ILO says world heading for a new and deeper jobs recession, warns of more social unrest

Respondents in half of 99 countries surveyed say they do not have confidence in their national governments.

logo of the International labour OrganizationGeneva (4 Nov. 2011) – In a grim analysis issued on the eve of the G20 leaders summit, the International Labour Organization (ILO) says the global economy is on the verge of a new and deeper jobs recession that will further delay the global economic recovery and may ignite more social unrest in scores of countries.

“We have reached the moment of truth. We have a brief window of opportunity to avoid a major double-dip in employment,” said Raymond Torres, director of the ILO International Institute for Labour Studies that issued the report.

The new World of Work Report 2011: Making markets work for jobs says a stalled global economic recovery has begun to dramatically affect labour markets. On current trends, it will take at least five years to return employment in advanced economies to pre-crisis levels, one year later than projected in last year’s report.

The report indicates that 80 million jobs need to be created over the next two years to return to pre-crisis employment rates. However, the recent slowdown in growth suggests that the world economy is likely to create only half of the jobs needed.

The report also features a new “social unrest” index that shows levels of discontent over the lack of jobs and anger over perceptions that the burden of the crisis is not being shared fairly. It notes that in over 45 of the 119 countries examined, the risk of social unrest is rising. This is especially the case in advanced economies, notably the EU, the Arab region and to a lesser extent Asia.

The report cites three reasons why the ongoing economic slowdown may have a particularly strong impact on the employment panorama: first, compared to the start of the crisis, enterprises are now in a weaker position to retain workers; second, as pressure to adopt fiscal austerity measures mount, governments are less inclined to maintain or adopt new job- and income-support programmes; and third, countries are left to act in isolation due to lack of international policy coordination.

The report’s other main findings include:

  • Out of 118 countries with available data, 69 countries show an increase in the percentage of people reporting a worsening of living standards in 2010 compared to 2006;
  • Respondents in half of 99 countries surveyed say they do not have confidence in their national governments;
  • In 2010, more than 50 per cent of people in developed countries report being dissatisfied with the availability of decent jobs (in countries such as Greece, Italy, Portugal, Slovenia, and Spain, more than 70 per cent of survey respondents reported dissatisfaction);
  • In advanced countries, the growth in corporate profits among non-financial firms was translated into a substantial increase in dividend payouts (from 29 per cent of profits in 2000 to 36 per cent in 2009) and financial investment (from 81.2 per cent of GDP in 1995 to 132.2 per cent in 2007). The crisis reversed slightly these trends, which resumed in 2010; and
  • Food price volatility doubled during the period 2006-2010 relative to the preceding five years, affecting decent work prospects in developing countries.
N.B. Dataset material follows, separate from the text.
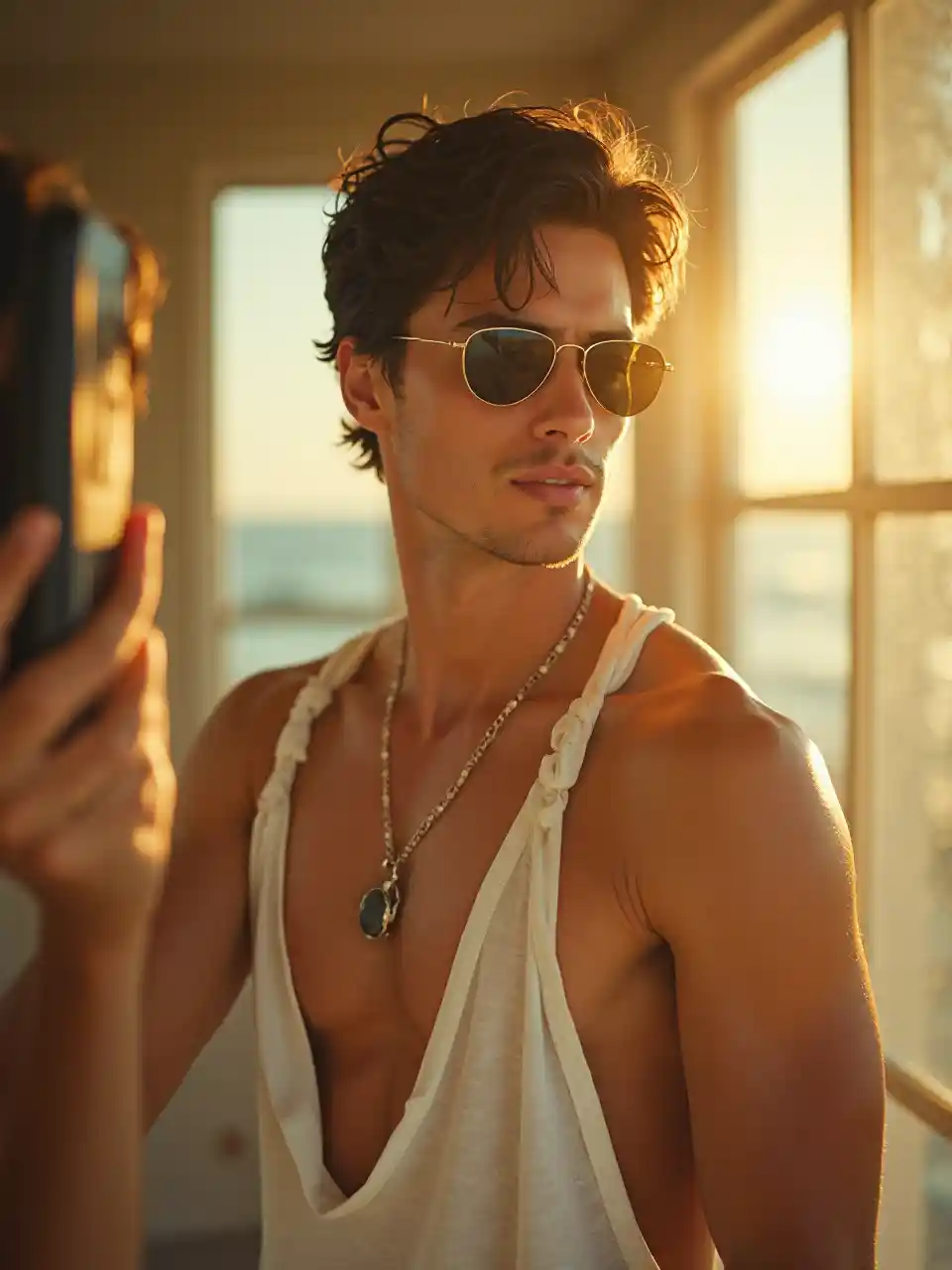 Foto hiper-realista de um homem atraente usando roupas de praia e óculos de sol, capturado num espelho com o último smartphone. Ele tem cabelos curtos e escuros e está em pé em um quarto brilhante e convidativo. A imagem apresenta um grão de filme quente que lembra o Kodak Portra 800, com uma profundidade de campo de f1,8, banhada no brilho suave da hora dourado, evocando uma sensação de elegância casual e relaxamento de verão.

Financial investors benefit more from price volatility than food producers, especially small ones.

The study also calls for supporting investment in the real economy through financial reform and pro-investment measures.

Finally, it says that the adage that wage moderation leads to job creation is a myth, and calls for a comprehensive income-led recovery strategy. This would also help stimulate investment while reducing excessive income inequalities.